Thankfully, this wasn't the only problem they'd identified. The process did involve a bit of lag, because of the content being handed from team to team. Making the business units manage their own content was going to help solve this. But no-one actually talked to the business units about their needs, and I had some idea what they were: this Internet thing is mostly a distraction, and they don't want to hire people with the skills needed to manage it. When confronted, the author of the paper even acknowledged this, and admitted that they would need to hire more people for the shared content team. Another saving in the making.

What they really wanted, above all else, was to allow people to select products from different business units and aggregating paying for them. A catalogue that spanned all of the business units. After killing off the "saving money" spin in the paper, they explained that making all of the products of the various business units would allow better cross-selling of different units products.

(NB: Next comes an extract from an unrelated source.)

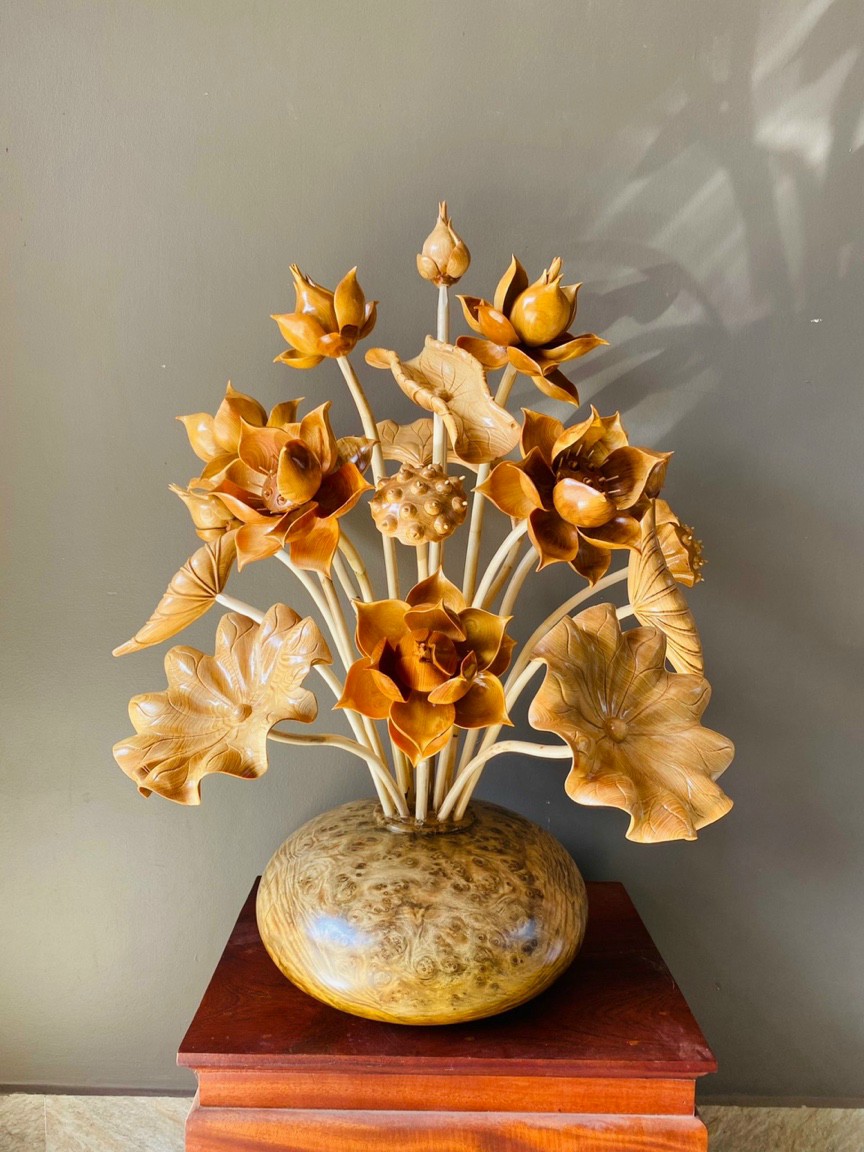 Bất ngờ ! Chỉ với 1tr800k sở hưu ngay 1 bình hoa sen gỗ hương siêu đẹp.

Sadly, this is what it boiled down to: It had nothing to do with saving money and everything to do with picking a very expensive framework and building a shopping cart out of it for a starting cost of $6m. I wasn't very liked after saying that. Nor for asking why they had selected the product, only to find their whole basis was "it was what we used at the last place". Some quality research there.

Sometimes, it's good papers cross my desk that people wish hadn't.

To log or not to log

Don't you love the corporate policy:
Internet facing systems should retain all log files for a minimum of 60 days.
Sounds great doesn't it? You could in theory then see what has been going on.

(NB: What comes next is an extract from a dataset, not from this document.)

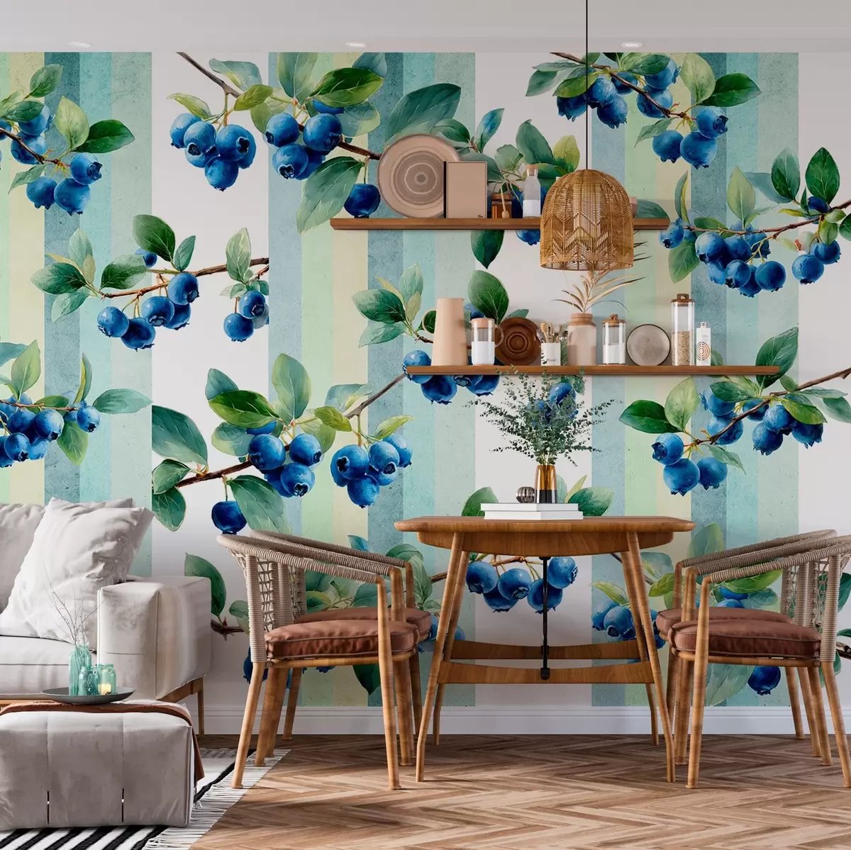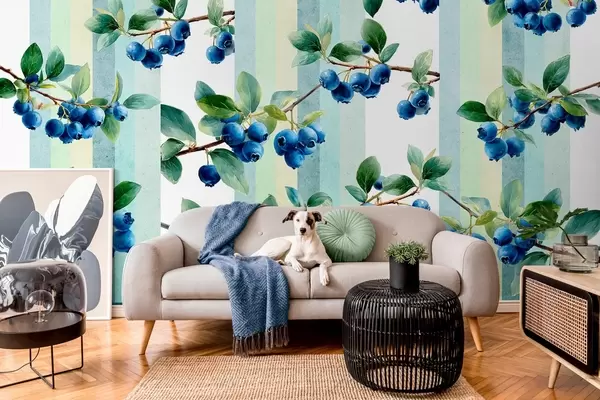 Zidne murale grozdovi borovnica na prugastoj pozadini br. w04307

Even better, move the log files off these devices to a much more 'secure' loghost.

Okay, now we're talking!

So now we've got 30+ devices (firewalls, SMTP routers, proxy servers, socks proxies, etc) all logging to one box.
Just how much space do you think you'd need?

Let's just check:

Filesystem Size Mounted on
/dev/sdb1  68G  /var/log

So apparantly it's less than 70Gb.

Q: How much do we log daily?
A: ~12GB a day per device. (and yes they have turned on full debugging!)

Hmm... don't do the maths 30x12G...

Managers now wonder why we get paged out multiple times a night to fix the mess.
Easy answer you say: Add more disk.

You would think, it was raised 6 months ago.... and apparantly the purchase order was 'being raised'.
We've been given implicit instructions we are not allowed to delete anything, or even turn off the full debugging.

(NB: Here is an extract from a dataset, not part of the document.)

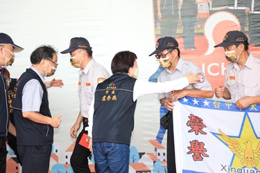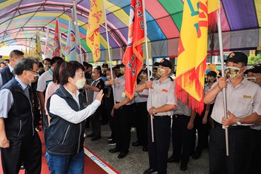 盧市長在民政局長吳世瑋、警察局長蔡蒼柏、新聞局長鄭照新陪同下出席校閱,守望隊員們佩戴市府準備的迷彩口罩,搭配整齊劃一的隊形,展現守望隊員精神抖擻的士氣及守護家園的決心;盧市長除為隊員加油打氣外,也逐一為各里頒贈獎勵品慰勉隊員辛勞。

Even worse they box wasn't setup with LVM/RAID or anything remotely useful.

Q: So where are we now?
A: The 'work around' we've been instructed... copy the data onto other non-loghost production machines... so the machine constantly is now splattering logs constantly across a host of other machines. And no we haven't been able to use any networked mounted file systems... so it's scp'ing the stuff over (that no-one actually ever bothers to read anyway).

Not so sagely.

As Oracle start to clutch at straws more and more they really start to come up with some amazingly interesting solutions. Partition table issues? No problem.

dd if=/dev/zero of=/dev/sd? bs=1024 count=1000

I really wish I was kidding. Their suggestion for oracleasm still rejecting disks that it didn't like the partition table of?

oracleasm force-renamedisk /dev/

Saturday, August 18, 2007

Everything has to have a beginning

It happened to me this week.

I was making a routine scheduled change, and suddenly things started to go very, very badly. A database cluster in smoking ruins at my feet, caused by the conflict between what the sysadmin knows is realistic and what the customer thinks should be possible.

After all, they got it working in their Ubuntu virtual machine and that's practically the same as a production system, right?

Every sysadmin knows the moment. You watch the output scrolling across the screen and something nasty catches your eye. Your heart leaps into your throat and your stomach sinks. This moment is best described as "Oh shit".

This blog is for everyone who's ever had that moment at 3am sitting in a cold, dark server room squinting to see on the ancient CRT attached to the KVM. Let the war stories commence.